→ **Work instructions**: Set the records down again in full, exactly as they are, apart from the images.

[[ Dataset records open ]]

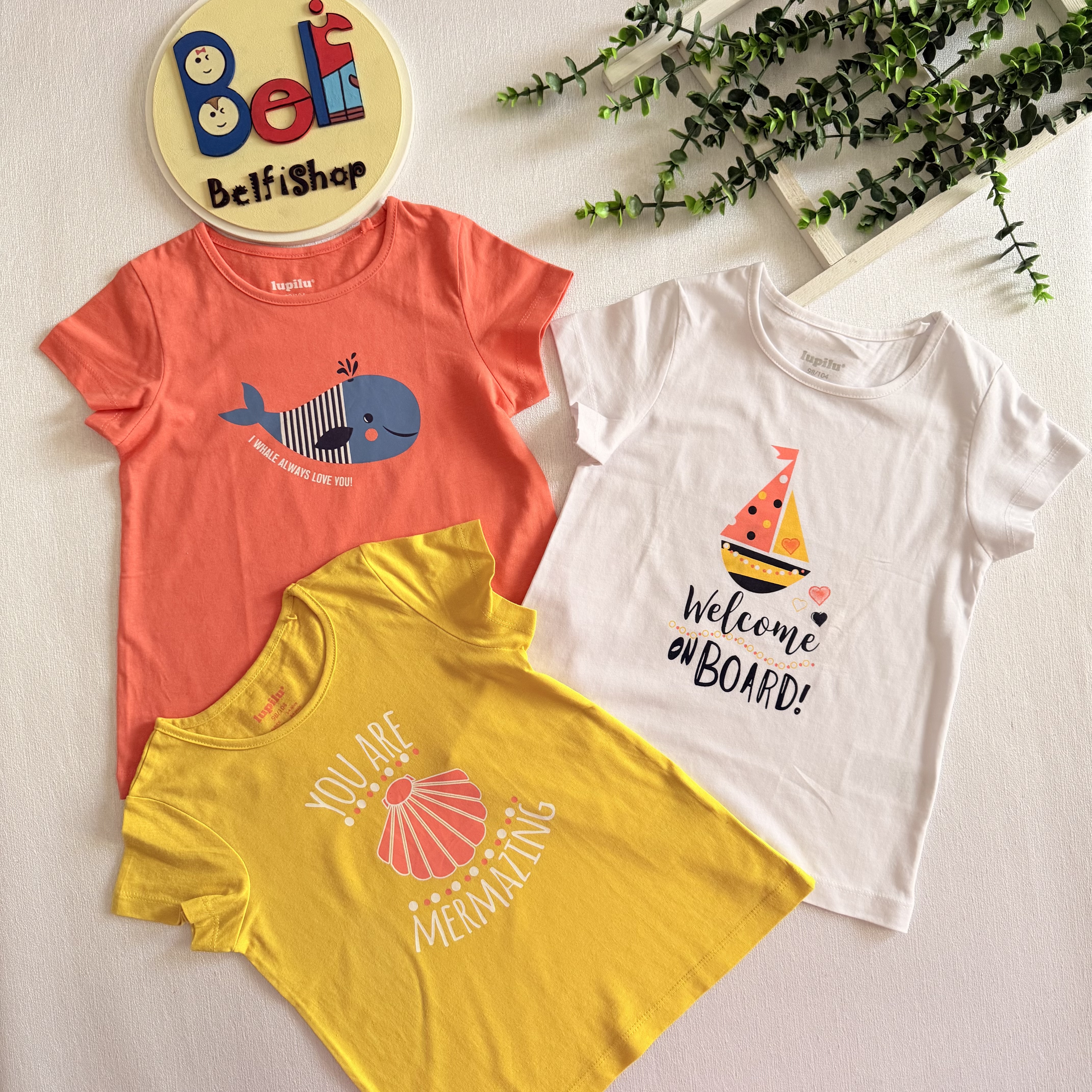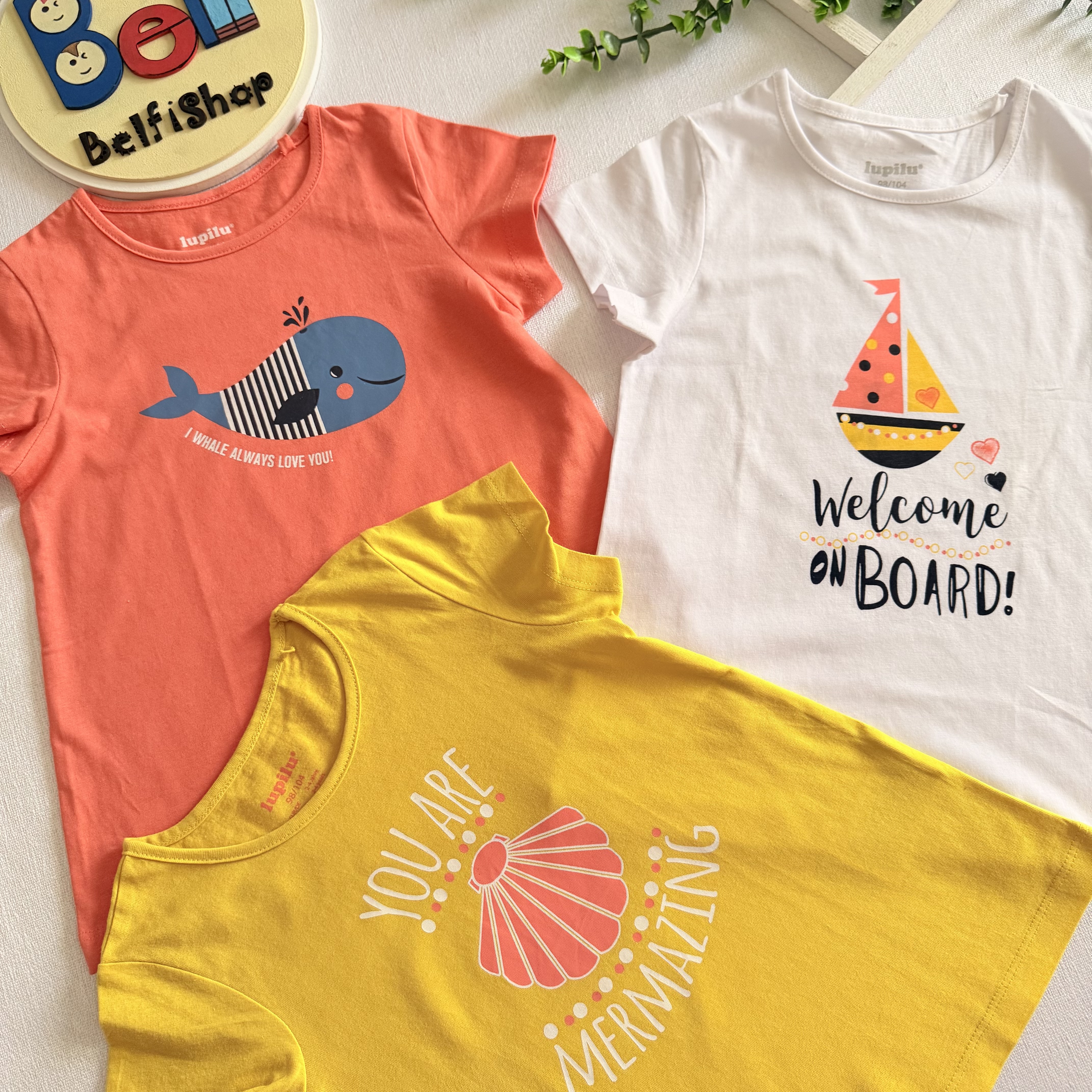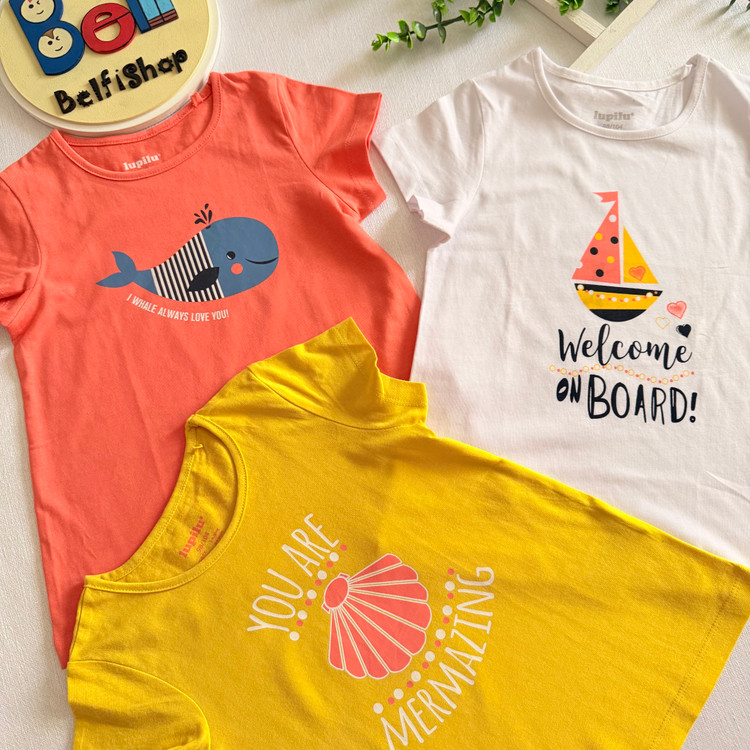 پک سه تایی تیشرت نخی دخترانه برند لوپیلو جنس تمام نخ بسیار نرم و لطیف دارای استاندارد اتحادیه اروپا دارای طراحی زیبا در سه طرح کاربردی مناسب استفاده روز مره ، بیرون و مهد
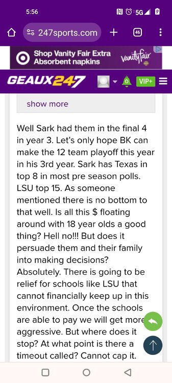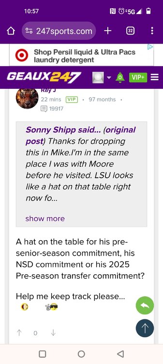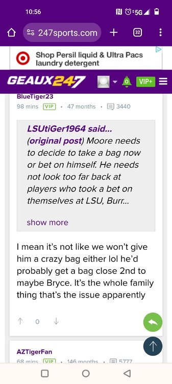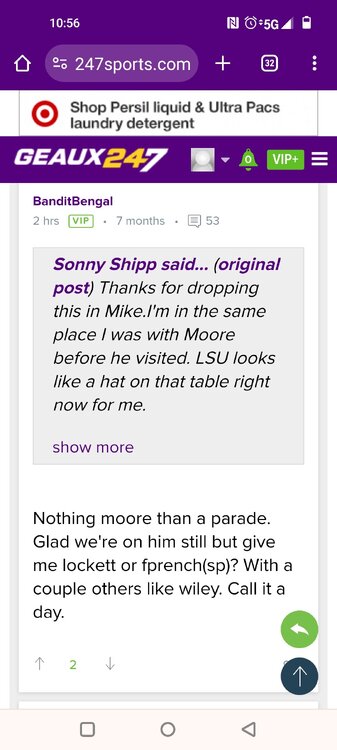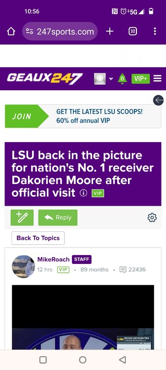Glen WestSTAFF Posted on 61 mins, V I P, User Since 38 months ago, User Post It's a lighter weekend in terms of official visitors with just one big piece of the 2025 class making his way to town and getting the full experience with the staff. Wide receiver Dakorien Moore touched down in New Orleans and made the drive up to Baton Rouge to start his visit on Thursday. The five-star prospect who decommitted from LSU a few weeks back, made the purple and gold his second stop as he also considers Ohio State, Texas and Oregon as his final four schools. Here's the latest on his visit as he enters a full day of activities on Friday. -We're told it's a family affair this weekend with not only Moore and his mother making it in but a total of six family members, including his little brother, aunt and uncle. That's a part of this visit that was extremely important as the purple and gold look to make up some ground after Moore's decision to back off his commitment. -The first order of business for Moore was a marketing presentation on what the Tigers would be able to do in terms of building his brand off the field while a member of the program. That includes endorsement opportunities that have been popular for players like John Deere, Walk-Ons, Raising Canes and Gordon McKernan law firm. -NIL is clearly going to play a big role in this recruitment and LSU is willing to play ball with these high school recruits. -For this particular visit, it's also important for Moore to get some one-on-one time with head coach Brian Kelly. That happened on Thursday and it'll be interesting to see how the rest of the staff like Cortez Hankton, Frank Wilson and Joe Sloan handle Moore being on campus and how he could be a significant piece for this offense on the field. -The feeling around the visit is that Moore, his mother and the entire family really seem engaged early in the process. That's far from the most popular endorsement but the Tigers will keep chipping away on this visit. There will be a lot at play with this recruitment and while it's hard to feel good about the position LSU is in, what intel comes out of the visit will be interesting in terms of how serious Moore is about the Tigers going forward. -Moore will be in all day Friday before heading back Saturday so it's a pretty extended stay where LSU should be able to put its best foot forward. -In addition to Moore, LSU has already had Kaliq Lockett and Jaime Ffrench on campus and will have CJ Wiley and Naeshaun Montgomery in town next weekend and Derek Meadows on campus June 18. -We'll have more on the Elite camp that took place on Thursday afternoon a little bit later this morning but one quick note on a 2026 prospect Deuce Geralds. He's put on 20 pounds since he was last on campus during the 2023 season. That's 273 pounds for him and the thought process going forward is that LSU will recruit him inside rather than as an edge rusher -
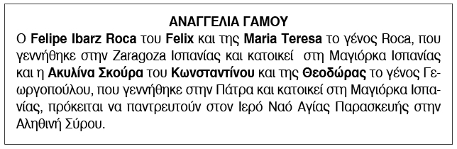 Αναγγελία γάμου για Felipe Ibarz Roca και Ακυλίνα Σκούρα Κείμενο Βλέπε εικόνα. Αριθμός Φύλλου: Αριθμός Φύλλου 6338 Κατηγορία: Κατηγορία Αναγγελία Γάμου
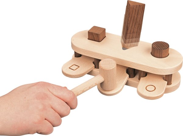 Do kterého katapultu musí kladivo udeřit, aby se dřevěná cihla ve tvaru trojúhelníku dostala ven? Zábavná hra pro malé koumáky ve stylu akce - reakce. GOKI patří mezi nejvýznamnější evropské výrobce hraček s vysokou pedagogickou a didaktickou kvalitou. Firma klade důraz na bezpečnost hraček, jejich zdravotní nezávadnost a dbá na obnovitelné zdroje. Dřevo je bráno tam, kde může dorůstat. Používané dřeviny jsou javor, buk, ořech, lípa, jasan, borovice, bříza a gumovník. Barvy a laky ředitelné vodou pocházejí od menších výrobců.
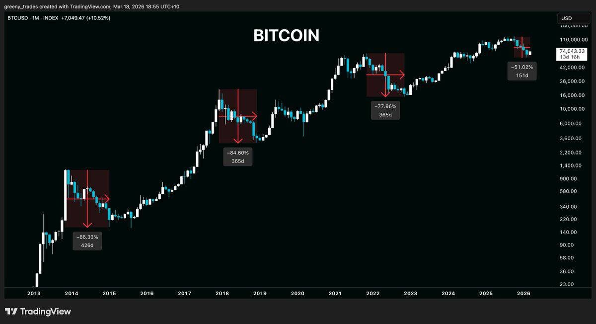 И это главный обман, в который верят инвесторы Смотрите, что показывает история, если убрать эмоции и оставить только цифры. Биткоин уже больше 10 лет двигается по очень похожему таймингу циклов: Падение от пика до дна: 2013 → 2015: ~410 дней 2017 → 2018: ~363 дня 2021 → 2022: ~376 дней Среднее: ~383 дня Глубина падения: 2011: -93% 2015: -85% 2018: -84% 2022: -77% И важный момент, который многие игнорируют — фаза накопления: 2015: ~15 месяцев боковика 2018: ~16 месяцев 2022: аналогично Теперь давайте трезво посмотрим, где мы сейчас. Прошло около 5 месяцев с октябрьского пика. Падение — всего ~42% от ATH. Что это значит? Если цикл снова «рифмуется» (а он это делает каждый раз), то: — по времени мы даже не прошли половину медвежьего рынка — по глубине падения мы вообще далеки от исторических значений Да, есть фактор институционалов, и я тоже считаю, что падение может быть мягче, чем раньше. Но это не отменяет саму структуру цикла. Среднее дно формируется примерно через 383
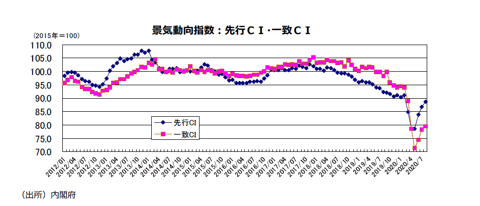 -先行CI前月差+2.1で3カ月連続上昇、一致CI同+1.1と3カ月連続上昇-
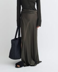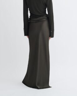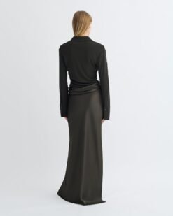 A 2025-ös őszi kollekcióban is folytatódik az anyagblokkolás, amely a könnyedséget az eleganciával ötvözi. A Scylla ruha egy sötétzöld hálós jersey ingből és egy fekete, slip-on szatén szoknyából áll – a drapézott derék rendkívül előnyös.
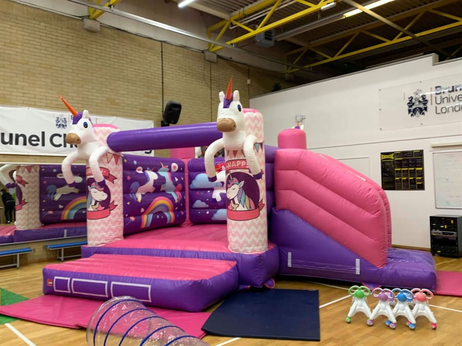 This beautiful bouncy castle is the perfect addition to any unicorn-themed celebration. Featuring a pretty pink bed adorned with giant unicorn heads, it will transport your little guests to a magical realm of fun and fantasy. 🏰✨

[[ Dataset records closed ]]

→ **Your solution**:
 پک سه تایی تیشرت نخی دخترانه برند لوپیلو جنس تمام نخ بسیار نرم و لطیف دارای استاندارد اتحادیه اروپا دارای طراحی زیبا در سه طرح کاربردی مناسب استفاده روز مره ، بیرون و مهد
Glen WestSTAFF Posted on 61 mins, V I P, User Since 38 months ago, User Post It's a lighter weekend in terms of official visitors with just one big piece of the 2025 class making his way to town and getting the full experience with the staff. Wide receiver Dakorien Moore touched down in New Orleans and made the drive up to Baton Rouge to start his visit on Thursday. The five-star prospect who decommitted from LSU a few weeks back, made the purple and gold his second stop as he also considers Ohio State, Texas and Oregon as his final four schools. Here's the latest on his visit as he enters a full day of activities on Friday. -We're told it's a family affair this weekend with not only Moore and his mother making it in but a total of six family members, including his little brother, aunt and uncle. That's a part of this visit that was extremely important as the purple and gold look to make up some ground after Moore's decision to back off his commitment. -The first order of business for Moore was a marketing presentation on what the Tigers would be able to do in terms of building his brand off the field while a member of the program. That includes endorsement opportunities that have been popular for players like John Deere, Walk-Ons, Raising Canes and Gordon McKernan law firm. -NIL is clearly going to play a big role in this recruitment and LSU is willing to play ball with these high school recruits. -For this particular visit, it's also important for Moore to get some one-on-one time with head coach Brian Kelly. That happened on Thursday and it'll be interesting to see how the rest of the staff like Cortez Hankton, Frank Wilson and Joe Sloan handle Moore being on campus and how he could be a significant piece for this offense on the field. -The feeling around the visit is that Moore, his mother and the entire family really seem engaged early in the process. That's far from the most popular endorsement but the Tigers will keep chipping away on this visit. There will be a lot at play with this recruitment and while it's hard to feel good about the position LSU is in, what intel comes out of the visit will be interesting in terms of how serious Moore is about the Tigers going forward. -Moore will be in all day Friday before heading back Saturday so it's a pretty extended stay where LSU should be able to put its best foot forward. -In addition to Moore, LSU has already had Kaliq Lockett and Jaime Ffrench on campus and will have CJ Wiley and Naeshaun Montgomery in town next weekend and Derek Meadows on campus June 18. -We'll have more on the Elite camp that took place on Thursday afternoon a little bit later this morning but one quick note on a 2026 prospect Deuce Geralds. He's put on 20 pounds since he was last on campus during the 2023 season. That's 273 pounds for him and the thought process going forward is that LSU will recruit him inside rather than as an edge rusher -
 Αναγγελία γάμου για Felipe Ibarz Roca και Ακυλίνα Σκούρα Κείμενο Βλέπε εικόνα. Αριθμός Φύλλου: Αριθμός Φύλλου 6338 Κατηγορία: Κατηγορία Αναγγελία Γάμου
 Do kterého katapultu musí kladivo udeřit, aby se dřevěná cihla ve tvaru trojúhelníku dostala ven? Zábavná hra pro malé koumáky ve stylu akce - reakce. GOKI patří mezi nejvýznamnější evropské výrobce hraček s vysokou pedagogickou a didaktickou kvalitou. Firma klade důraz na bezpečnost hraček, jejich zdravotní nezávadnost a dbá na obnovitelné zdroje. Dřevo je bráno tam, kde může dorůstat. Používané dřeviny jsou javor, buk, ořech, lípa, jasan, borovice, bříza a gumovník. Barvy a laky ředitelné vodou pocházejí od menších výrobců.
 И это главный обман, в который верят инвесторы Смотрите, что показывает история, если убрать эмоции и оставить только цифры. Биткоин уже больше 10 лет двигается по очень похожему таймингу циклов: Падение от пика до дна: 2013 → 2015: ~410 дней 2017 → 2018: ~363 дня 2021 → 2022: ~376 дней Среднее: ~383 дня Глубина падения: 2011: -93% 2015: -85% 2018: -84% 2022: -77% И важный момент, который многие игнорируют — фаза накопления: 2015: ~15 месяцев боковика 2018: ~16 месяцев 2022: аналогично Теперь давайте трезво посмотрим, где мы сейчас. Прошло около 5 месяцев с октябрьского пика. Падение — всего ~42% от ATH. Что это значит? Если цикл снова «рифмуется» (а он это делает каждый раз), то: — по времени мы даже не прошли половину медвежьего рынка — по глубине падения мы вообще далеки от исторических значений Да, есть фактор институционалов, и я тоже считаю, что падение может быть мягче, чем раньше. Но это не отменяет саму структуру цикла. Среднее дно формируется примерно через 383
 -先行CI前月差+2.1で3カ月連続上昇、一致CI同+1.1と3カ月連続上昇-
 A 2025-ös őszi kollekcióban is folytatódik az anyagblokkolás, amely a könnyedséget az eleganciával ötvözi. A Scylla ruha egy sötétzöld hálós jersey ingből és egy fekete, slip-on szatén szoknyából áll – a drapézott derék rendkívül előnyös.
 This beautiful bouncy castle is the perfect addition to any unicorn-themed celebration. Featuring a pretty pink bed adorned with giant unicorn heads, it will transport your little guests to a magical realm of fun and fantasy. 🏰✨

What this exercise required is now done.